# [Problem details]
A line below contains "В таблице даны", and a later one contains "Elvegård seng med". Repeat both, with every line between them, exactly.

# [Supplied material]
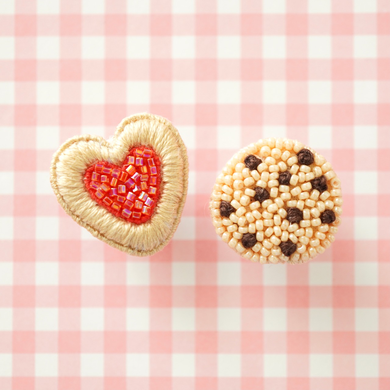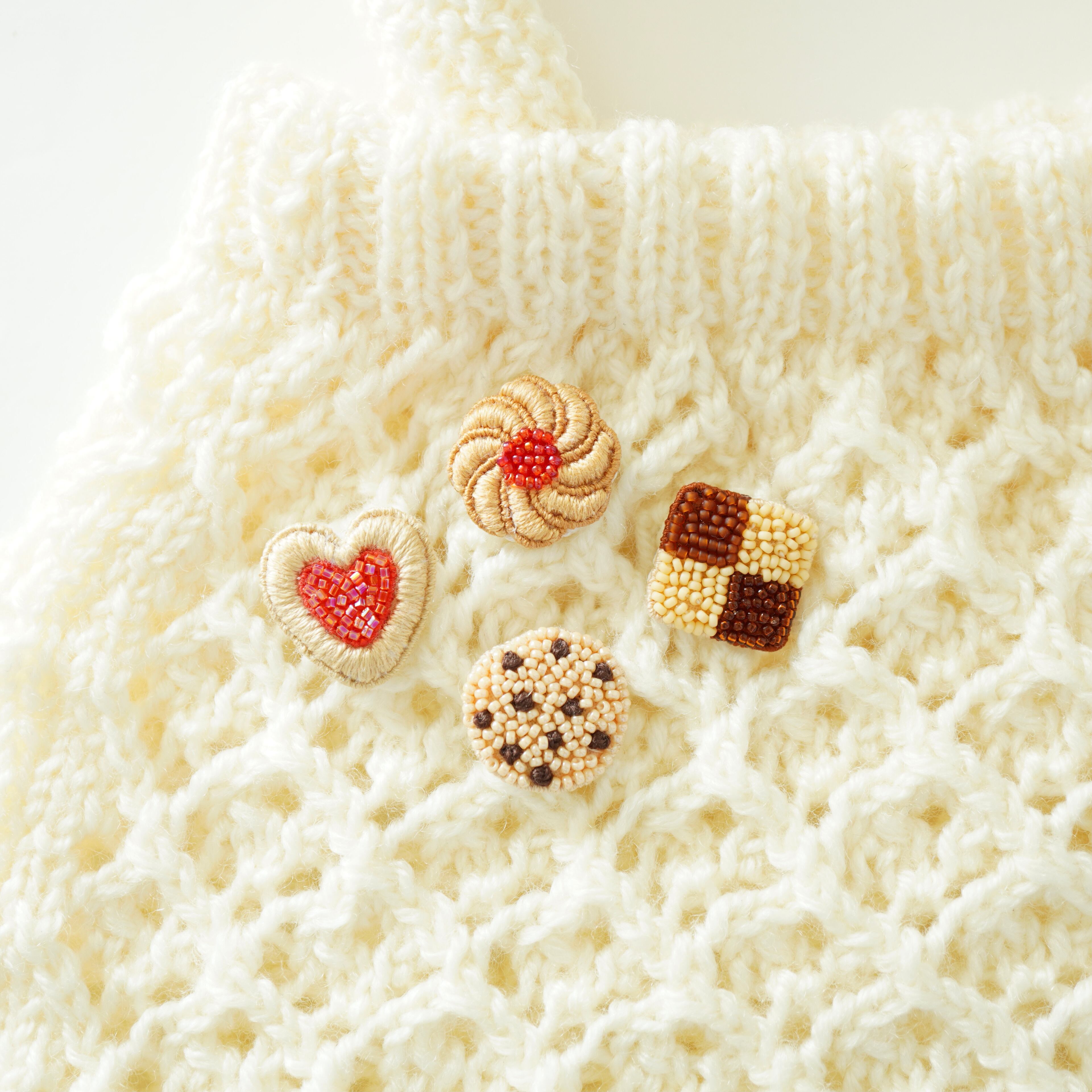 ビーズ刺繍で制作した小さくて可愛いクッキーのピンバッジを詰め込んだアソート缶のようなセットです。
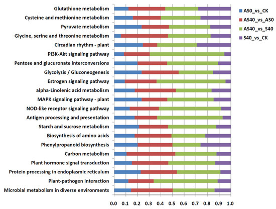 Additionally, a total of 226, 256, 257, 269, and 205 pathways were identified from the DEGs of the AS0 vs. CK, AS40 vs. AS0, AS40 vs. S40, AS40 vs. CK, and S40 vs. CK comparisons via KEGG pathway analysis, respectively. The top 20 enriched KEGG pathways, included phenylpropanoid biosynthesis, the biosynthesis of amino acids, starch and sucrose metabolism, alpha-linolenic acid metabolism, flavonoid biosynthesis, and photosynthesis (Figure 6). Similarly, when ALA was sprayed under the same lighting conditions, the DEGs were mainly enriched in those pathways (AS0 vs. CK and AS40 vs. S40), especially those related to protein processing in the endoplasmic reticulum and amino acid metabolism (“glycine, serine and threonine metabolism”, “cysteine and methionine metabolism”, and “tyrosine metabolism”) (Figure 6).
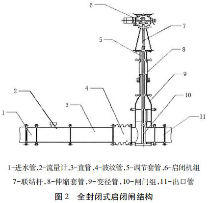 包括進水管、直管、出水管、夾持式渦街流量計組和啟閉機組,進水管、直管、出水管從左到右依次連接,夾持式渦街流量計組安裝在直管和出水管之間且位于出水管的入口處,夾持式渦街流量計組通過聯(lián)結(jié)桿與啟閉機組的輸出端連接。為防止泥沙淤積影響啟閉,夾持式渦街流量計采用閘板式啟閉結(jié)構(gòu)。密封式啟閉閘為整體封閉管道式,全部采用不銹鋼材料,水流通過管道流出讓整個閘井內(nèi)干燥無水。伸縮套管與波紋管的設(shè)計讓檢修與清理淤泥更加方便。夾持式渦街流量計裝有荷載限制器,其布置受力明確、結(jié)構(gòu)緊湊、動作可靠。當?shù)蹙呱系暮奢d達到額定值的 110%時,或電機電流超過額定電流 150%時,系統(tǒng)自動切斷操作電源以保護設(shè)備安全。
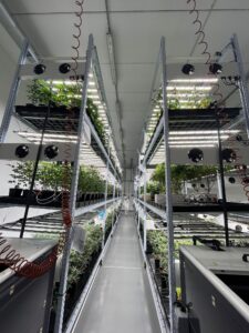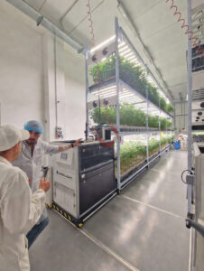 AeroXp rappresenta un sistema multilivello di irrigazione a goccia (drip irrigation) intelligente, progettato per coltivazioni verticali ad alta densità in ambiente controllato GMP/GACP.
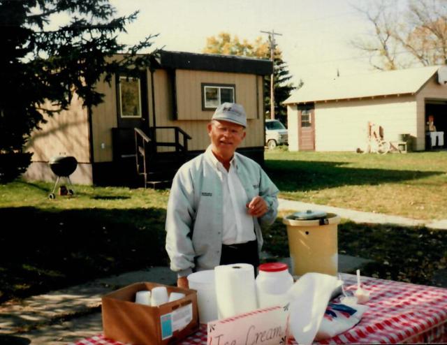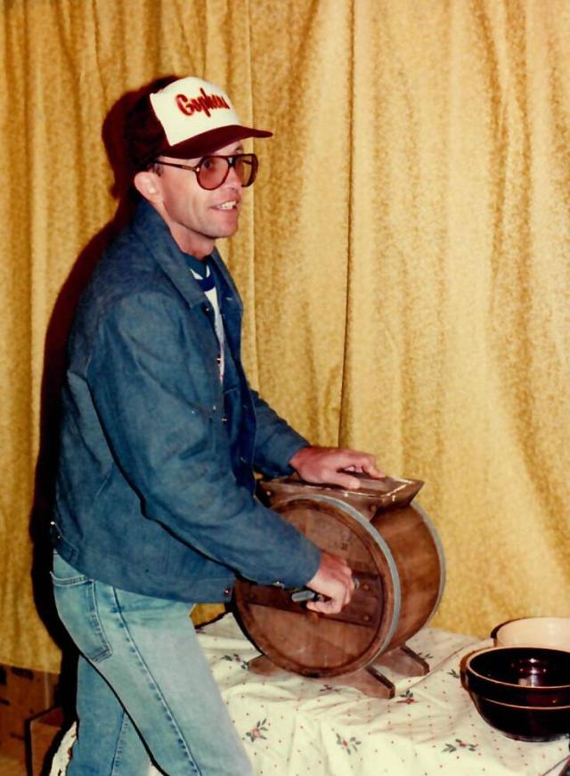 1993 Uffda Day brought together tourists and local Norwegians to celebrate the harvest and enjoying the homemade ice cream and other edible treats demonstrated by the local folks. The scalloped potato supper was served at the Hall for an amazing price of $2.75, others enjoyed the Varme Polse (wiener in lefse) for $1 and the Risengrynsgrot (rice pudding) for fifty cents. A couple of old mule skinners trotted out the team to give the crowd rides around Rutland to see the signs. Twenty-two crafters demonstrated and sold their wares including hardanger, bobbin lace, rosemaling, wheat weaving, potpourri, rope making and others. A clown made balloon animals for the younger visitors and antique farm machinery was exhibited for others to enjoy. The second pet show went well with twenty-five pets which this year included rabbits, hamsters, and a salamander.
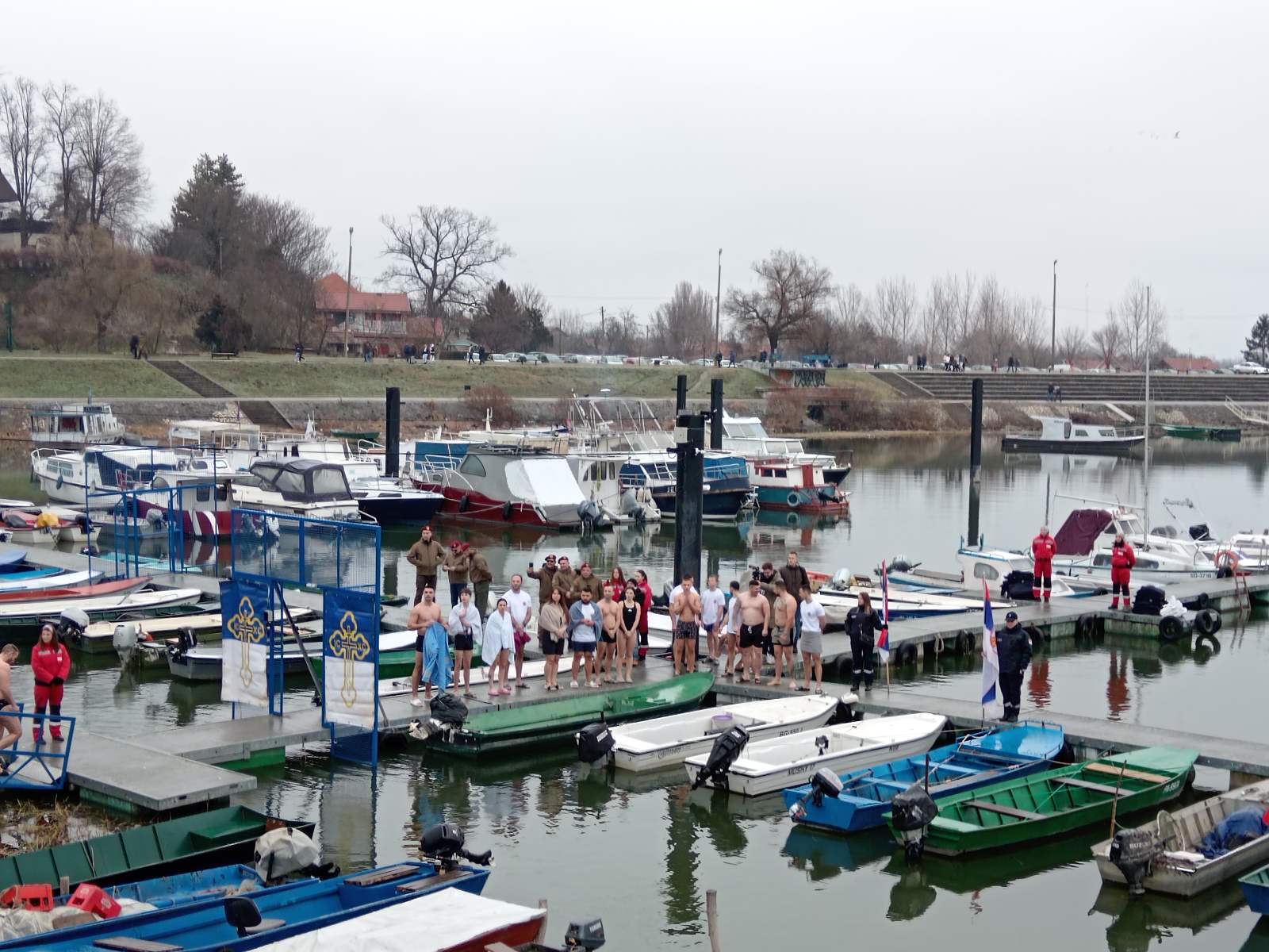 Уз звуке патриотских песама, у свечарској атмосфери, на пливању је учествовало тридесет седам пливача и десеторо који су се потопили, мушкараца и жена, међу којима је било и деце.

* * *

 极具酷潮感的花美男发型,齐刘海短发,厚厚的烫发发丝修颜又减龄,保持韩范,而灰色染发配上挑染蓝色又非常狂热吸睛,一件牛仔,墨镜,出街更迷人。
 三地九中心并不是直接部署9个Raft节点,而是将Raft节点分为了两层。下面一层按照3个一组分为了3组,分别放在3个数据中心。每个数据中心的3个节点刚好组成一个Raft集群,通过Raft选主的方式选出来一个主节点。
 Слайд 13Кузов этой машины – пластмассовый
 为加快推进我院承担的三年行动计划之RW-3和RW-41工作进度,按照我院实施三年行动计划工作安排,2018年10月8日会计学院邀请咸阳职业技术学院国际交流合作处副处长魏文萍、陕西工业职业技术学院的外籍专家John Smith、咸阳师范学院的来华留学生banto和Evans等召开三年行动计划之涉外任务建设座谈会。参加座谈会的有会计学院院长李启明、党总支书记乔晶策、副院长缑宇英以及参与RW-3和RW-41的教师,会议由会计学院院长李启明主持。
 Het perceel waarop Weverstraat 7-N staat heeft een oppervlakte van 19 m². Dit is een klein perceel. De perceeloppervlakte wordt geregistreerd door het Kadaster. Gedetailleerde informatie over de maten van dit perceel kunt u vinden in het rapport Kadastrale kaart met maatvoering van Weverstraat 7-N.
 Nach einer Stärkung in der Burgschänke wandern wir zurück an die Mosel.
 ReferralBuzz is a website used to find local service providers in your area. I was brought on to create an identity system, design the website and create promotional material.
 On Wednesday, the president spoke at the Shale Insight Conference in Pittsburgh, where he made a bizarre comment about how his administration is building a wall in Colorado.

---

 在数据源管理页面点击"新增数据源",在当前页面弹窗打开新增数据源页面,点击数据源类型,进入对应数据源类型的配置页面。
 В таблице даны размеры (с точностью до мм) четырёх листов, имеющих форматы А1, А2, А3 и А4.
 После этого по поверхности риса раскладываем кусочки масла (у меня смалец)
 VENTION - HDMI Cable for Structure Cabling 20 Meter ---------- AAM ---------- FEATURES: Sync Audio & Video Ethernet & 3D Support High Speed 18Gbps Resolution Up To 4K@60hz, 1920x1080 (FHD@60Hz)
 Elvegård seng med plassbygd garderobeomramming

# [Answer section]
 В таблице даны размеры (с точностью до мм) четырёх листов, имеющих форматы А1, А2, А3 и А4.
 После этого по поверхности риса раскладываем кусочки масла (у меня смалец)
 VENTION - HDMI Cable for Structure Cabling 20 Meter ---------- AAM ---------- FEATURES: Sync Audio & Video Ethernet & 3D Support High Speed 18Gbps Resolution Up To 4K@60hz, 1920x1080 (FHD@60Hz)
 Elvegård seng med plassbygd garderobeomramming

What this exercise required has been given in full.